The phylogeny of inferred haplotype sequences showed that haplotypes from all timepoints were interspersed throughout the tree (except at timepoint 4, which remained phylogenetically distinct). DRMs showed some segregation by clade; viruses carrying a higher frequency of DRMs (M184V, P225H and K238T) were observed in clade A (Figure 4D), and those with either K103N alone, or no DRMs were preferentially located clade C (Figure 4D). However, this relationship was not clear cut, and therefore consistent with competition between haplotypes during low drug exposure. Soft sweeps were evident, given the increasing diversity (Figure 1, Supplementary Figure 4) of this patient.

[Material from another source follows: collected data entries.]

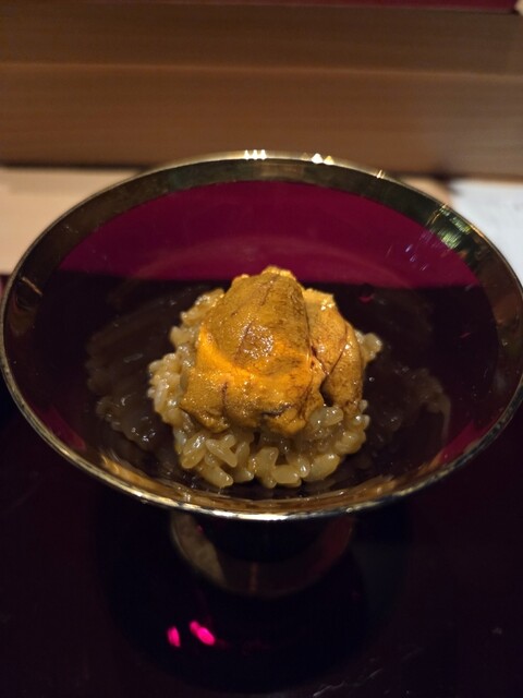まずは、お店の名物という、ウニパフェ。たっぷりウニがのっていますが、赤シャリにもウニがよく混ぜ込まれていて、かなり濃厚なお味となっていますが、絶品!この日は根室のキタムラサキウニを使ったそう。器もほぼ全てオーダーで作成していただいたものだそうで、とても素敵です。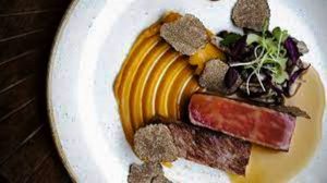 Au programme une salade de mâche et oreilles de cochon, la brouillade d’œufs, truffes noires et parmesan, le cabillaud cuit vapeur et betteraves multicolores, le canard entier de la maison Burgaud, pommes Grenaille et jus de viande, à partager à deux, la tarte aux pommes et crème double, le gâteau au chocolat…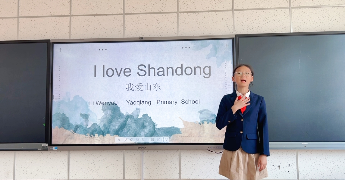 济南高新区遥墙中心小学六年级7班李文玥同学带来英文作品《I Love Shandong》用英语讲述山东,从山东简介、山东风景、山东文化、山东美食四方面,介绍了大美山东。山东是孔子的故乡,也是儒家文化的发源地,有着深厚的文化底蕴。整篇朗诵带着对山东的热爱之情与作为山东人的自豪感,向大家介绍厚道齐鲁地,美德山东人。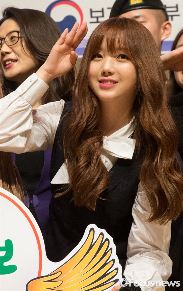 (서울=포커스뉴스) 2일 오전 서울 용산구 국방부에서 열린 '군인 금연 홍보 엔젤스 위촉식'에서 금연 홍보대사로 위촉된 그룹 러블리즈 케이가 거수경례를 하고 있다.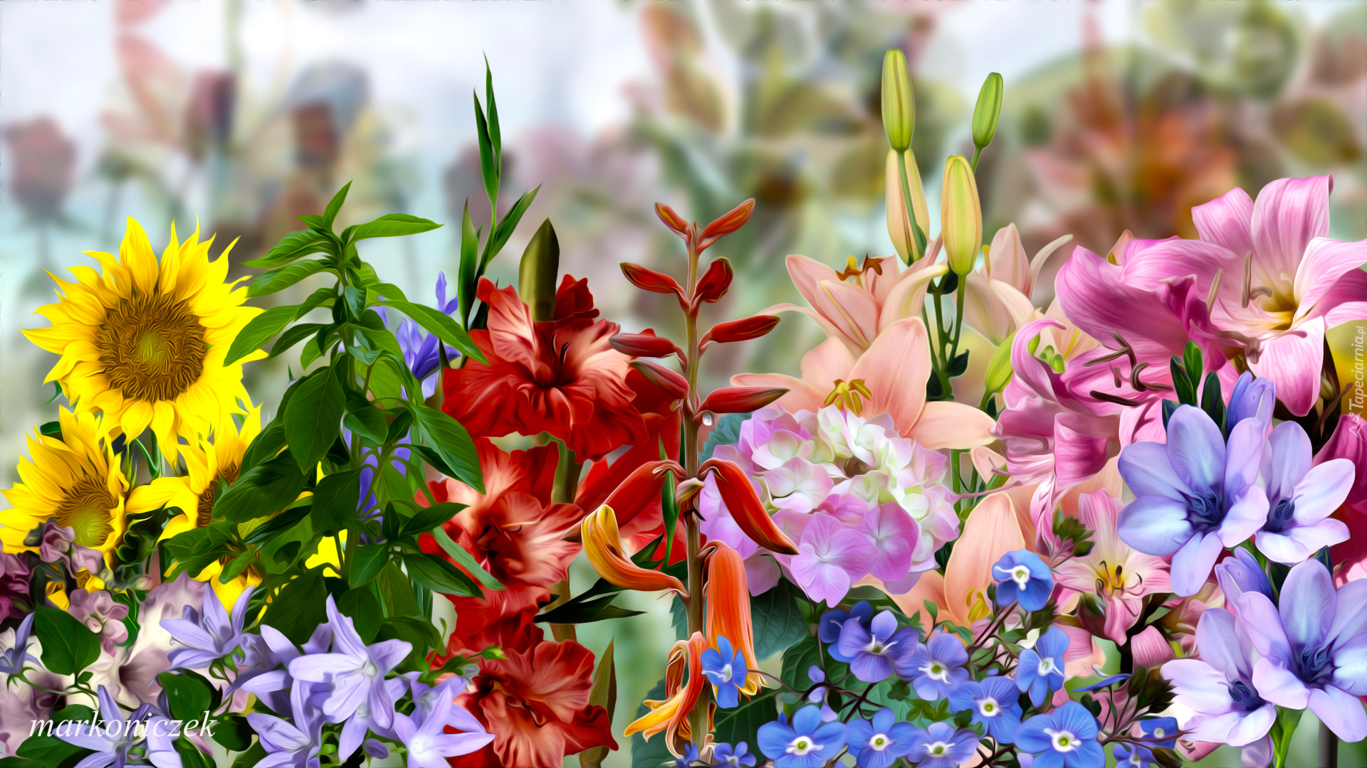 Edytor tapety: Kolorowe różnorodne kwiaty w grafice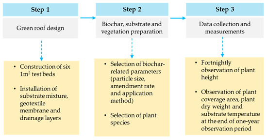 The methodological framework used in this study consists of three steps and is presented in Figure 1. The first step consists of the design and construction of the six GR test beds. Step 2 consists of the selection of biochar and biochar-related parameters. Based on a detailed literature review of biochar-GR research and the identified knowledge gap, it was decided to investigate the impacts of three biochar-related parameters, namely biochar amendment rate, particle size, and application methods. Within the second step, different plant species suitable for extensive GRs were considered, and 3 species were chosen to investigate the benefits of biochar amendment to plant performance. Step three consists of data collection and undertaking measurement of selected parameters. Further details regarding these three steps can be found in the following sub-sections within this section.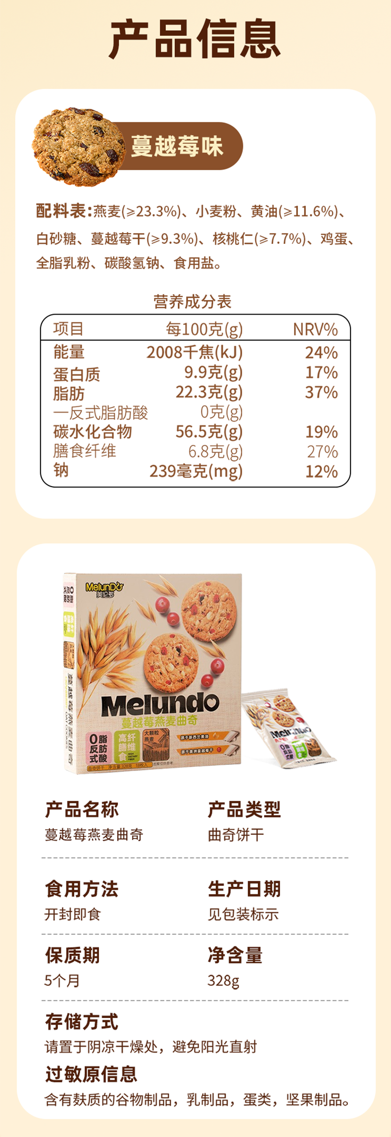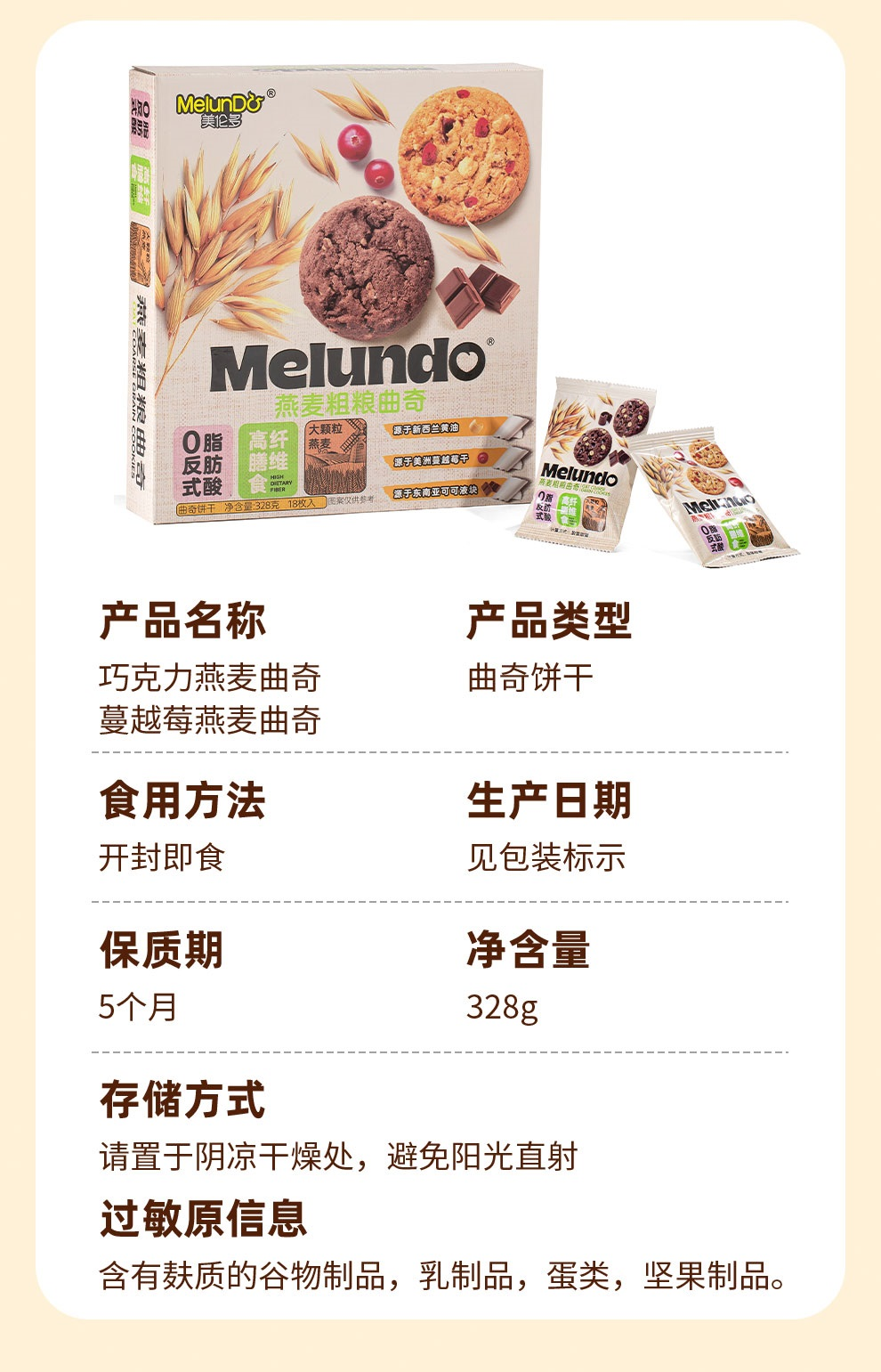 商品名称:Melundo/美伦多燕麦曲奇饼干328g

Patient 16207. Viral load in this patient were consistently above 10,000 copies/ml (Figure 5A). As with patient 15664, detectable drug concentrations in blood plasma were either extremely low or absent at each measured timepoint, consistent with non-adherence to the prescribed regimen. There was little change in the frequency of DRMs throughout the follow-up period, even when making the switch to the 2nd-line regimen. NNRTI resistance mutations such as K103N are known to have minimal fitness costs26 and can therefore persist in the absence of NNRTI pressure. Throughout treatment the viruses from this patient maintained K103N at a frequency of >85% but also carried an integrase strand transfer inhibitor (INSTI) associated mutation (E157Q) and PI-exposure associated amino acid replacements (L23I and M46I) at low frequencies at timepoints two and three. Despite little change in DRM site frequencies, very significant viral population shifts were observed at the whole genome level; again indicative of selective sweeps (Figures 5B-C). Between timepoints one and four, several linked mutations changed abundance contemporaneously, generating chevron-like patterns of non-synonymous changes in env specifically (blue lines, Figure 5B). A large number of alleles increased in frequency from <40% to >80% at timepoint one, followed by decreases in frequency from >70% to <30% at timepoint three. Whereas large shifts in gag and pol alleles also occurred, the mutations involved were almost exclusively synonymous (red and green lines).

Phylogenetic analysis of inferred whole genome haplotypes again showed a distinct cladal structure as observed in patient 15664 (Figure 5D), although the dominant haplotypes were equally observed in the upper clade (A) and lower clade (C) (Figure 5D). K103N was the majority DRM at all timepoints, except for a minority haplotype at timepoint three, also carrying E157Q. Haplotypes did not cluster by time point. Significant diversity in haplotypes from this patient was confirmed by MDS (Supplementary Figure 4).

Patient 22763 was notable for a number of large shifts in variant frequencies across multiple drug resistance associated residues and synonymous sites. Drug plasma concentration for different drugs was variable yet detectable at most measured timepoints. This suggests that the patient took some of their prescribed drugs throughout the follow-up period (Figure 6A). Non-PI DRMs such as M184V, P225H and K103N were present at baseline (time of switch from first to second line treatments). These mutations persisted despite synonymous changes between time points one and two. Most of the highly variable synonymous changes in this patient were found in the gag and pol genes (as in patient 16207) (Figure 6C), but in this case env displayed large fluctuations in synonymous and non-synonymous allelic frequencies over time. At timepoint three, therapeutic concentrations of boosted lopinavir (LPV/r) and tenofovir (TDF) were measured in plasma and haplotypes clustered separately from the first two timepoints (Figure 6D, light and dark grey circles). NGS confirmed that the D67N, K219Q, K65R, L70R, M184V DRMs and NNRTI-resistance mutations were present at low frequencies from timepoint three onwards. Of note, between timepoints three and six, therapeutic concentrations of TDF were detectable, and coincided with increased frequencies of the canonical TDF DRM, K65R5. The viruses carrying K65R outcompeted those carrying the thymidine analogue mutants (TAMs) D67N and K70R, whilst the lamivudine (3TC) associated resistance mutation, M184V, persisted throughout. In the final three timepoints M46I emerged in protease, but never increased in frequency above 6%. At timepoint seven, populations shifted again with some haplotypes resembling those previously seen in timepoint four, with D67N and K70R again being predominant over K65R in reverse transcriptase (Figure 6D, green and blue circles). At the final timepoint (eight) the frequency of K103N was approximately 85% and the TAM-bearing populations continued to dominate over the K65R population, which at this timepoint had a low frequency.

Figure 6.
  • Download figure
  • Open in new tab
Figure 6. Drug regimen, adherence and viral dynamics of Patient 22763.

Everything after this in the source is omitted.